Los días pasaron aceleradamente, el comportamiento de Agapito, era ejemplar. Así lo describía al padre Narciso, quien supervisaba todo en la casa y que había estado al cuidado de Agapito, desde hacía más de 20 años aunque ésta, desde luego ignoraba la provocadora actitud de Esmeralda que incompresiblemente había rechazado totalmente el que los divorciaran cuando apareció el juez del registro civil hacia una semana. “No hay duda, la muchacha está dispuesta a consumar el buen acto que el ya casi moribundo Agapito le pidiera como postrero favor”, le comunicaba al cura quien desde su casa en la capital de estado, no perdía vista lo que acontecía en Tala.

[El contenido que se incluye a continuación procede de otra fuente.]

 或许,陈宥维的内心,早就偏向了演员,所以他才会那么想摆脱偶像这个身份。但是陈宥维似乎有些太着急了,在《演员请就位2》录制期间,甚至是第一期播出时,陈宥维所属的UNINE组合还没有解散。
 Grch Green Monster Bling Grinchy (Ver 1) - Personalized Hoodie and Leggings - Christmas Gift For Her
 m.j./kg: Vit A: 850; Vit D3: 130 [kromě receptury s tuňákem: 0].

El viernes 7 de mayo a las 10 de la mañana, luego de despedir a un grupo de personas con las que habló de inversiones, terrenos, acciones, dinero en efectivo y otros asuntos que por más que Esmeralda se las ingenio para acercarse a la puerta de la biblioteca, no logró determinar concretamente de que se trataba. La sorprendió en gran medida el enorme camión de la mueblería La Sultana S.A de C.V llegado directamente desde Guadalajara para hacer entrega de un pedido de muebles al señor Agapito Aceves.

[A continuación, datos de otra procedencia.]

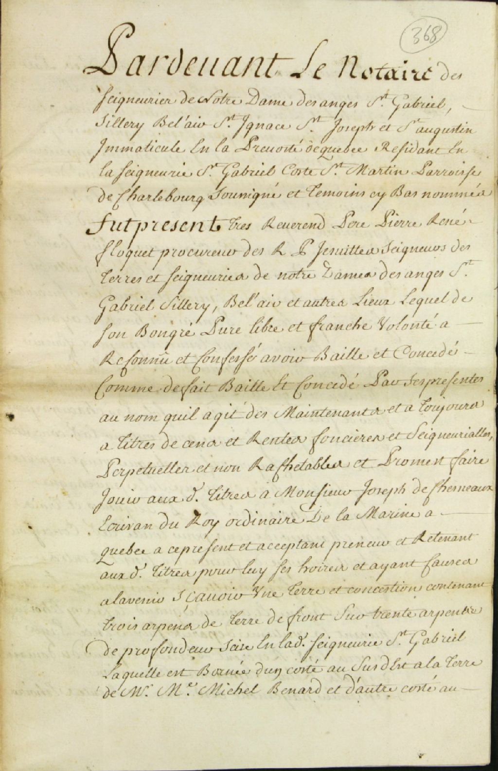 Acte de concession d'une terre située à la route Saint-Michel dans la seigneurie Saint-Gabriel, par les Révérends Pères Jésuites à Joseph [Brassard] Deschenaux, écrivain du Roi ordinaire de la marine à Québec, par-devant André Genest, notaire des seigneuries des Jésuites, et abandon (déguerpissement) de cette terre par Joseph [Brassard] Deschenaux, seigneur de Neuville et autres lieux, aux Révérends Pères Jésuites, devant Jean-Baptiste LeBrun, notaire royal
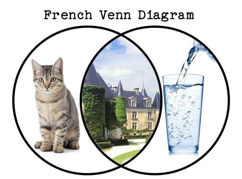 A Venn diagram. In one circle is a cat or "chat" in French. In the second circle is a glass of water or "eau" in French. In the intersection is a picture of a castle-house or "chateau" (chat + eau) in French.

El chofer, ordenando al par de cargadores, que a manera de colchón para amortiguar el peso de los muebles usaban un costal de ixtle en el hombro izquierdo y gorras invertidas que dejaban escapar el pelo disparejo de copete y patillas de uno de ellos, bajaban cama, colchones, ropero, buró, sillón reclinable, cajonera y una serie de muebles que indicaban que o bien el dueño de la casa se había vuelto loco o definitivamente cumplía su último capricho. Esmeralda, simplemente lo tomó como una más de las excentricidades de Agapito y se limitó a ver como los tres llenaban de nuevos artefactos la habitación y cargaban los muebles que por mucho tiempo el mayor de los Aceves quiso mantener. El ruido que causaban aquellos empleados de La Sultana era considerable, pues armaban los componentes la cama, colocaban el ropero aquí, no, no mejor aquí como dirigía Agapito―está muy estrecho jefe, no se ve bien—usted póngalo aquí y se acabó —Sí, sí señor. El perfume a madera fina, a pintura y a esmalte de los nuevos enseres, inundó la casa en su totalidad destacando el aparatoso buró que hacia juego impecable con la cama de cabecera alta y fuerte, incluyendo un librero. Trasladaría algunos libros de la biblioteca a su misma recamara.

Exactamente a las tres de la tarde, los hombres dejaron la casa una vez que Agapito se sintió satisfecho con la posición en que quedaron sus muebles, posición del lecho que a Esmeralda le pareció muy extraño, pues el espacio existente entre la cama y una de las paredes, era tan reducido que difícilmente cabría una persona, difícilmente cabría ella, si es que necesitaba, barrer o trapear el piso del enorme dormitorio una vez que hiciera la limpieza. Como deseaba que Isidora no hubiera asistido a aquel retiro espiritual que la alejó de la casa desde el jueves y que la dejaría regresar hasta el lunes. Sí, deseaba que Isidora estuviera allí, pues Agapito a pesar del entusiasmó mostrado durante el amueblamiento de su recamara, a ella le parecía débil, demacrado, mas decaído que de costumbre.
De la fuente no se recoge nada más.